_Work request_
The records below must be output exactly, without pictures.

Stored entries:
▶

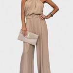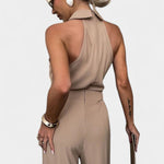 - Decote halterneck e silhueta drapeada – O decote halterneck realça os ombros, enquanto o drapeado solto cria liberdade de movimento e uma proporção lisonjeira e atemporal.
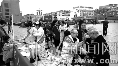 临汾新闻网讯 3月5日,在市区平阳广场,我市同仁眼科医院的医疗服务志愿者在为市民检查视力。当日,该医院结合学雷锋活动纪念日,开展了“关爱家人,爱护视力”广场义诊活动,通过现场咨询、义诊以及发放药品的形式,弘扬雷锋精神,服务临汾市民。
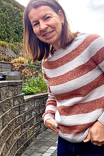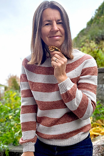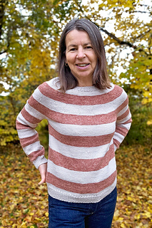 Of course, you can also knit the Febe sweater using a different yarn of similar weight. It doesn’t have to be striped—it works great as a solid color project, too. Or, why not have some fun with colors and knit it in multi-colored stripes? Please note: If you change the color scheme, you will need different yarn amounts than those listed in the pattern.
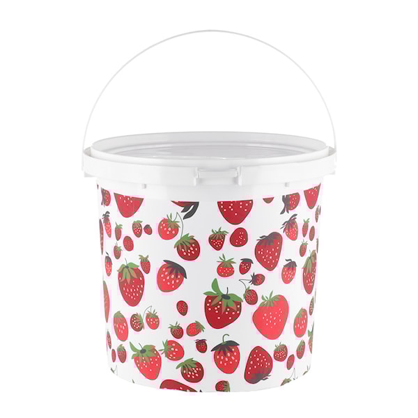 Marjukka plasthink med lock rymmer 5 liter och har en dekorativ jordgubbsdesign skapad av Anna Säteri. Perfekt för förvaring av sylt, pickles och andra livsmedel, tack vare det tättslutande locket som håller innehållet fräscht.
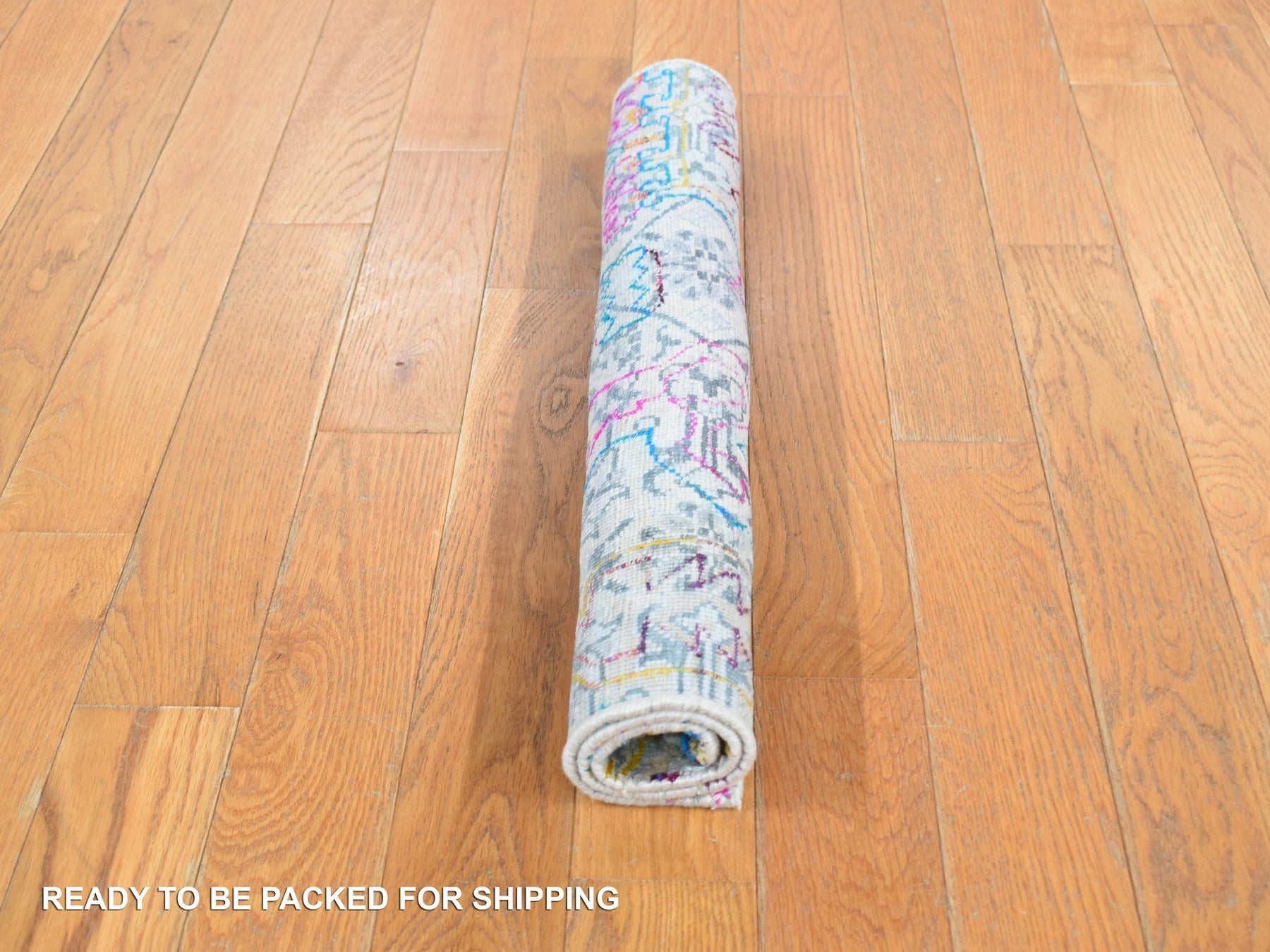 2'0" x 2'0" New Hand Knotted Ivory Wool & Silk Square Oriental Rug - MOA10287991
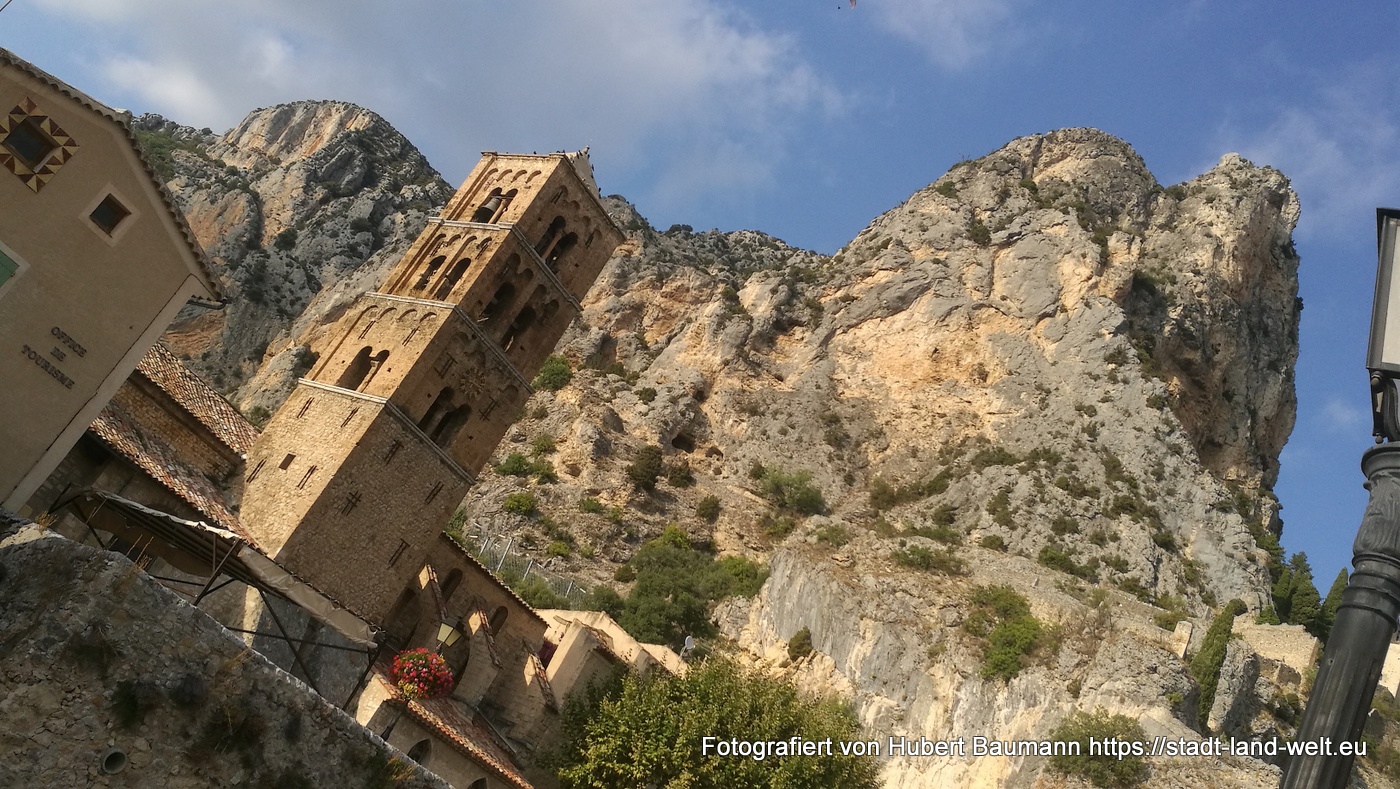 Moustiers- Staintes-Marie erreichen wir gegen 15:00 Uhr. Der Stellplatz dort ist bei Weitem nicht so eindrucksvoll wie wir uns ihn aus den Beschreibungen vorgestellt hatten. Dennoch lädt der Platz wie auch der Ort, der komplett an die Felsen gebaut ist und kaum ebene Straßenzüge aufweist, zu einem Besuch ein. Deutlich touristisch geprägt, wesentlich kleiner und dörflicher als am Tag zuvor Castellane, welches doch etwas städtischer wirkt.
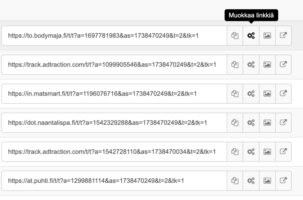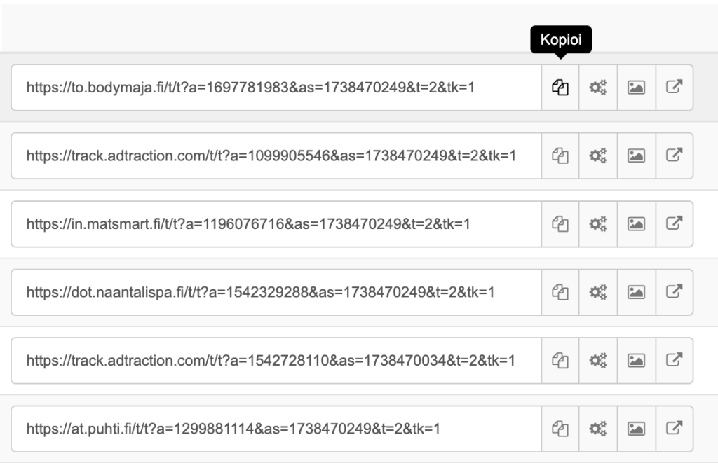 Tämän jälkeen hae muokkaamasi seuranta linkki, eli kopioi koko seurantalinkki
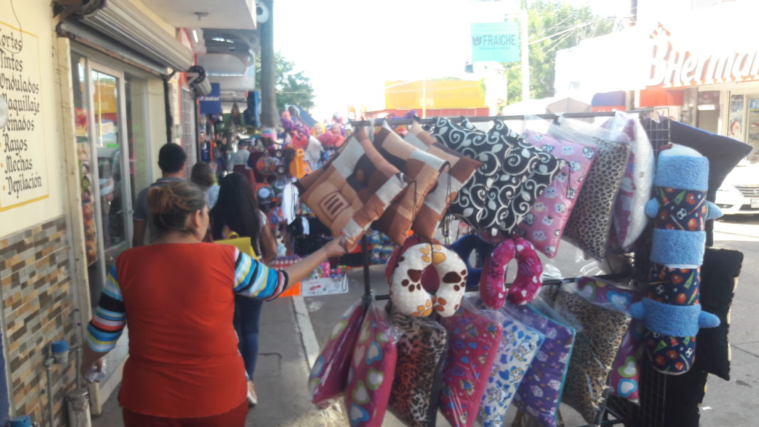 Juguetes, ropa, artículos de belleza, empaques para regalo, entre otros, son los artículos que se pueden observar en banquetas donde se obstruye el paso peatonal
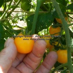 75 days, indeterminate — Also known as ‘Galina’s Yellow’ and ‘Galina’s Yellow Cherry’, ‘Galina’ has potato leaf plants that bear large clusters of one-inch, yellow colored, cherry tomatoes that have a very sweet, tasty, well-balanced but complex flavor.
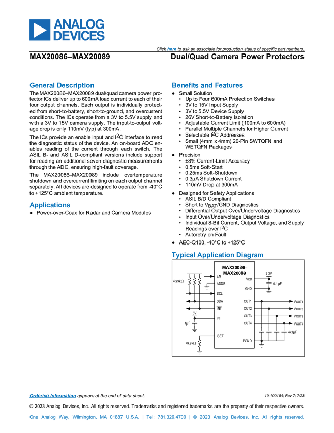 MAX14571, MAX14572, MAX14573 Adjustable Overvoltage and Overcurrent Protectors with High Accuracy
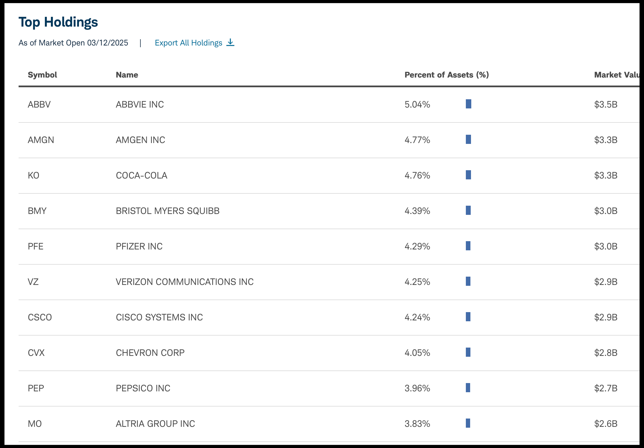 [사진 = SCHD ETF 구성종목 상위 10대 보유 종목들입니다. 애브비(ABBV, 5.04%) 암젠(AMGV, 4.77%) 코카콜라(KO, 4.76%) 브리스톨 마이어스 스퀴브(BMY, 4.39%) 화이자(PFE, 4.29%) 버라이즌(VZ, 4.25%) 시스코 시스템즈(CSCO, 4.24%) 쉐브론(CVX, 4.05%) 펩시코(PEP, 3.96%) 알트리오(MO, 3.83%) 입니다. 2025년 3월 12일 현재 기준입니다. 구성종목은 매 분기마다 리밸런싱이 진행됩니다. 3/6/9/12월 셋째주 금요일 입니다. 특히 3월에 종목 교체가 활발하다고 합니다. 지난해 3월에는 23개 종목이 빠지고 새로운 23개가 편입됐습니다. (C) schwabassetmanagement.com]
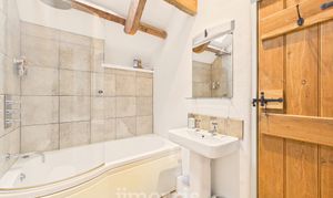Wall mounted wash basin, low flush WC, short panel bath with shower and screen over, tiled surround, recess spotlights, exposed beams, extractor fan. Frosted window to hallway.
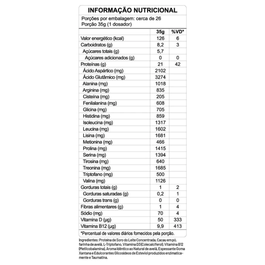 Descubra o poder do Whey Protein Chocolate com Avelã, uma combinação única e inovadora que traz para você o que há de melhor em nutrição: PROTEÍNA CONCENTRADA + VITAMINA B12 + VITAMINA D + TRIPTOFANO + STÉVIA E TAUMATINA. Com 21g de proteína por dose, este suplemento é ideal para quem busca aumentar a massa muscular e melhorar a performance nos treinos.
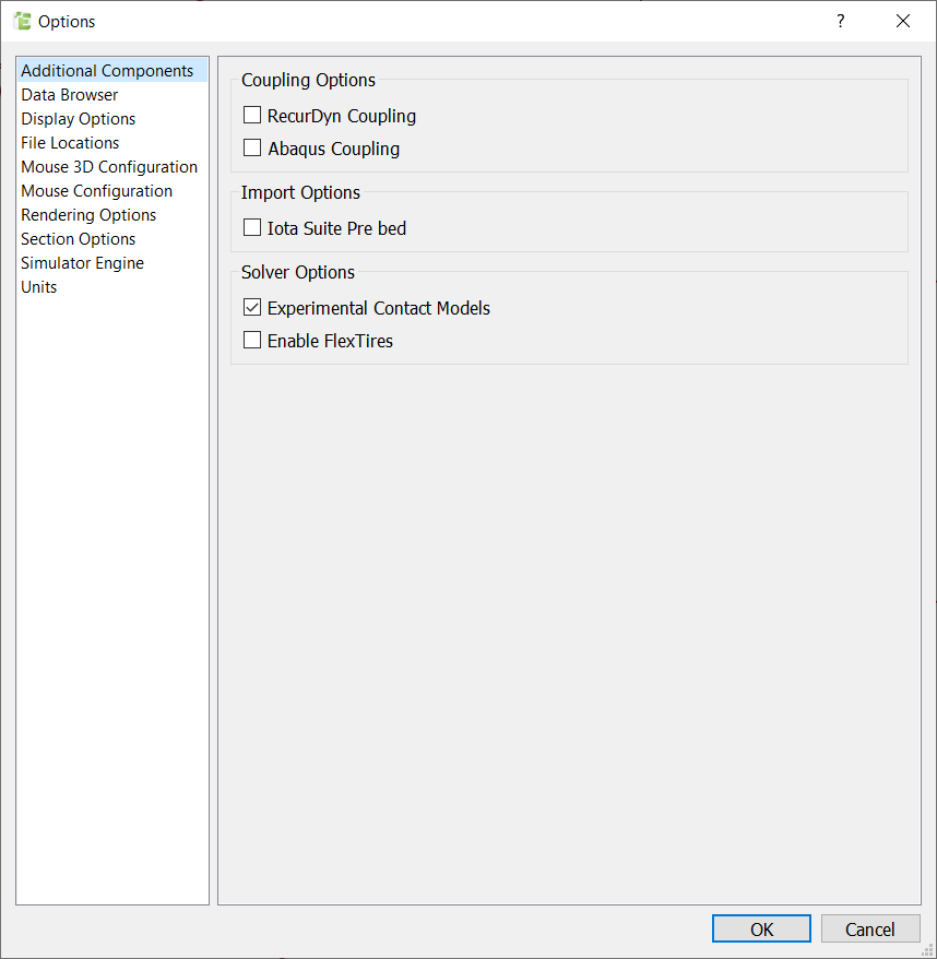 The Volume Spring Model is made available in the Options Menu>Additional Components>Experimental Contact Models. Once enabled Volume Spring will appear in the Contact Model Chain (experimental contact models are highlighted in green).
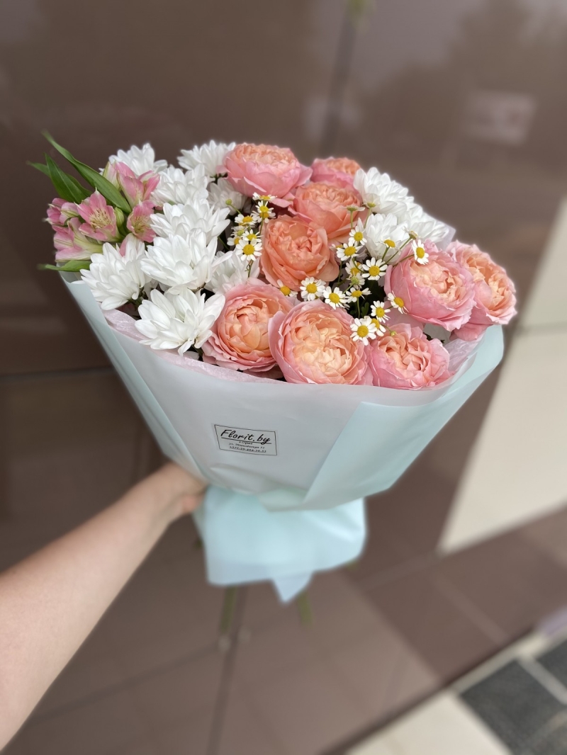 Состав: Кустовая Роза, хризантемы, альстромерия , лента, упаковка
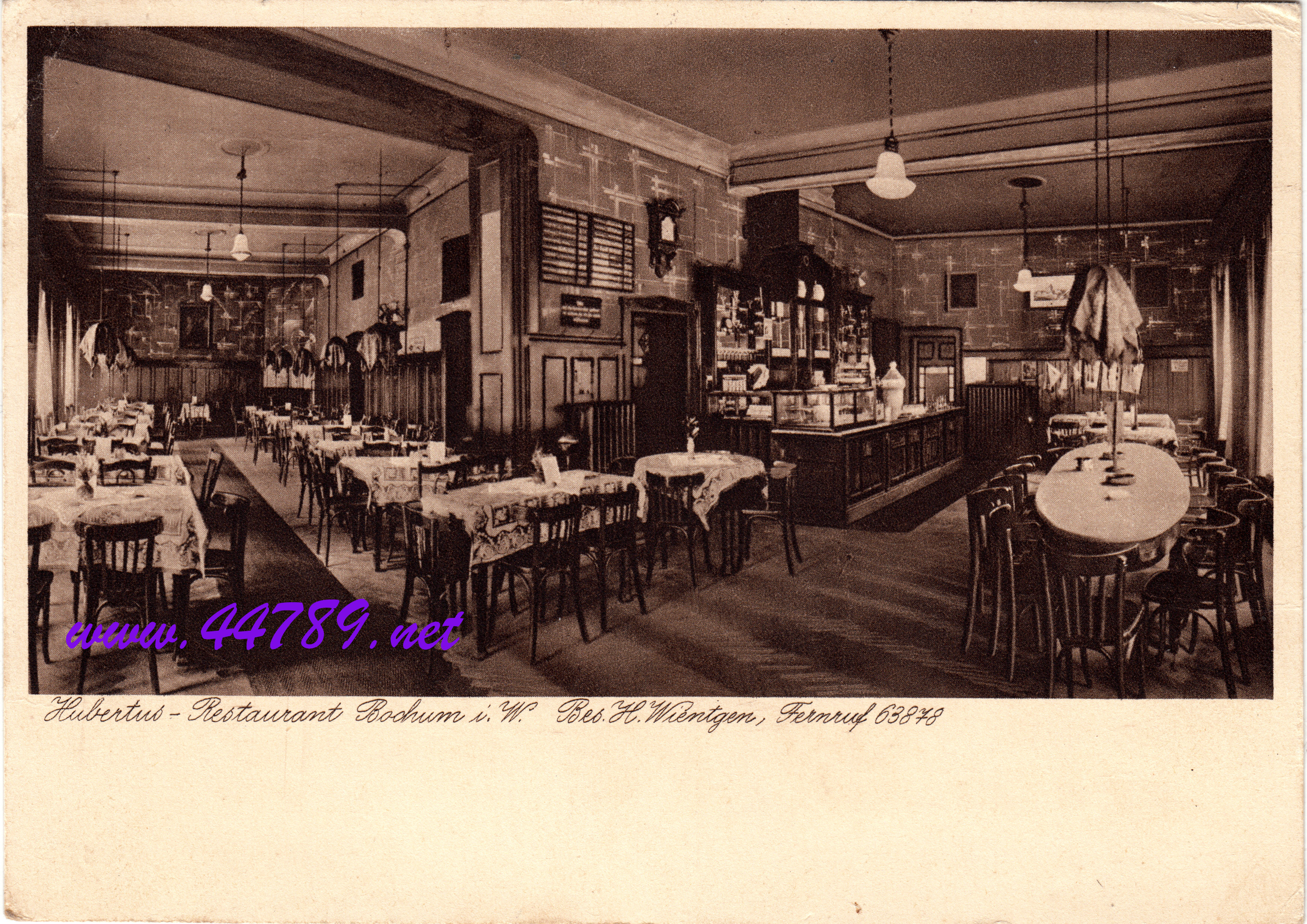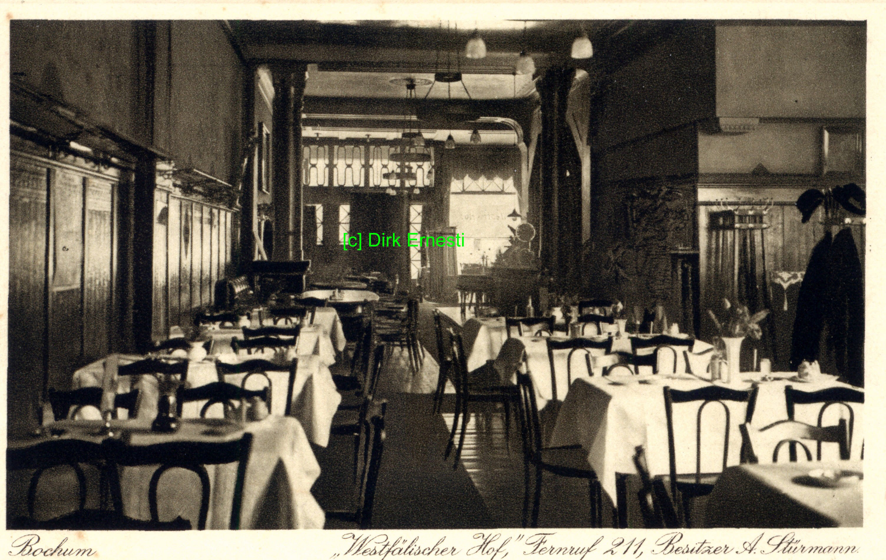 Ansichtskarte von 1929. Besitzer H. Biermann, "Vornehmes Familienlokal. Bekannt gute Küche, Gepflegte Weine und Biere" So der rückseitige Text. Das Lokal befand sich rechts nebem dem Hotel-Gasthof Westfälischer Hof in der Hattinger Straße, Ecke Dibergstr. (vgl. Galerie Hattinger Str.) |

◀

_Result of this task_
 - Decote halterneck e silhueta drapeada – O decote halterneck realça os ombros, enquanto o drapeado solto cria liberdade de movimento e uma proporção lisonjeira e atemporal.
 临汾新闻网讯 3月5日,在市区平阳广场,我市同仁眼科医院的医疗服务志愿者在为市民检查视力。当日,该医院结合学雷锋活动纪念日,开展了“关爱家人,爱护视力”广场义诊活动,通过现场咨询、义诊以及发放药品的形式,弘扬雷锋精神,服务临汾市民。
 Of course, you can also knit the Febe sweater using a different yarn of similar weight. It doesn’t have to be striped—it works great as a solid color project, too. Or, why not have some fun with colors and knit it in multi-colored stripes? Please note: If you change the color scheme, you will need different yarn amounts than those listed in the pattern.
 Marjukka plasthink med lock rymmer 5 liter och har en dekorativ jordgubbsdesign skapad av Anna Säteri. Perfekt för förvaring av sylt, pickles och andra livsmedel, tack vare det tättslutande locket som håller innehållet fräscht.
 2'0" x 2'0" New Hand Knotted Ivory Wool & Silk Square Oriental Rug - MOA10287991
 Moustiers- Staintes-Marie erreichen wir gegen 15:00 Uhr. Der Stellplatz dort ist bei Weitem nicht so eindrucksvoll wie wir uns ihn aus den Beschreibungen vorgestellt hatten. Dennoch lädt der Platz wie auch der Ort, der komplett an die Felsen gebaut ist und kaum ebene Straßenzüge aufweist, zu einem Besuch ein. Deutlich touristisch geprägt, wesentlich kleiner und dörflicher als am Tag zuvor Castellane, welches doch etwas städtischer wirkt.
 Tämän jälkeen hae muokkaamasi seuranta linkki, eli kopioi koko seurantalinkki
 Juguetes, ropa, artículos de belleza, empaques para regalo, entre otros, son los artículos que se pueden observar en banquetas donde se obstruye el paso peatonal
 75 days, indeterminate — Also known as ‘Galina’s Yellow’ and ‘Galina’s Yellow Cherry’, ‘Galina’ has potato leaf plants that bear large clusters of one-inch, yellow colored, cherry tomatoes that have a very sweet, tasty, well-balanced but complex flavor.
 MAX14571, MAX14572, MAX14573 Adjustable Overvoltage and Overcurrent Protectors with High Accuracy
 [사진 = SCHD ETF 구성종목 상위 10대 보유 종목들입니다. 애브비(ABBV, 5.04%) 암젠(AMGV, 4.77%) 코카콜라(KO, 4.76%) 브리스톨 마이어스 스퀴브(BMY, 4.39%) 화이자(PFE, 4.29%) 버라이즌(VZ, 4.25%) 시스코 시스템즈(CSCO, 4.24%) 쉐브론(CVX, 4.05%) 펩시코(PEP, 3.96%) 알트리오(MO, 3.83%) 입니다. 2025년 3월 12일 현재 기준입니다. 구성종목은 매 분기마다 리밸런싱이 진행됩니다. 3/6/9/12월 셋째주 금요일 입니다. 특히 3월에 종목 교체가 활발하다고 합니다. 지난해 3월에는 23개 종목이 빠지고 새로운 23개가 편입됐습니다. (C) schwabassetmanagement.com]
Wall mounted wash basin, low flush WC, short panel bath with shower and screen over, tiled surround, recess spotlights, exposed beams, extractor fan. Frosted window to hallway.
 Descubra o poder do Whey Protein Chocolate com Avelã, uma combinação única e inovadora que traz para você o que há de melhor em nutrição: PROTEÍNA CONCENTRADA + VITAMINA B12 + VITAMINA D + TRIPTOFANO + STÉVIA E TAUMATINA. Com 21g de proteína por dose, este suplemento é ideal para quem busca aumentar a massa muscular e melhorar a performance nos treinos.
 The Volume Spring Model is made available in the Options Menu>Additional Components>Experimental Contact Models. Once enabled Volume Spring will appear in the Contact Model Chain (experimental contact models are highlighted in green).
 Состав: Кустовая Роза, хризантемы, альстромерия , лента, упаковка
 Ansichtskarte von 1929. Besitzer H. Biermann, "Vornehmes Familienlokal. Bekannt gute Küche, Gepflegte Weine und Biere" So der rückseitige Text. Das Lokal befand sich rechts nebem dem Hotel-Gasthof Westfälischer Hof in der Hattinger Straße, Ecke Dibergstr. (vgl. Galerie Hattinger Str.) |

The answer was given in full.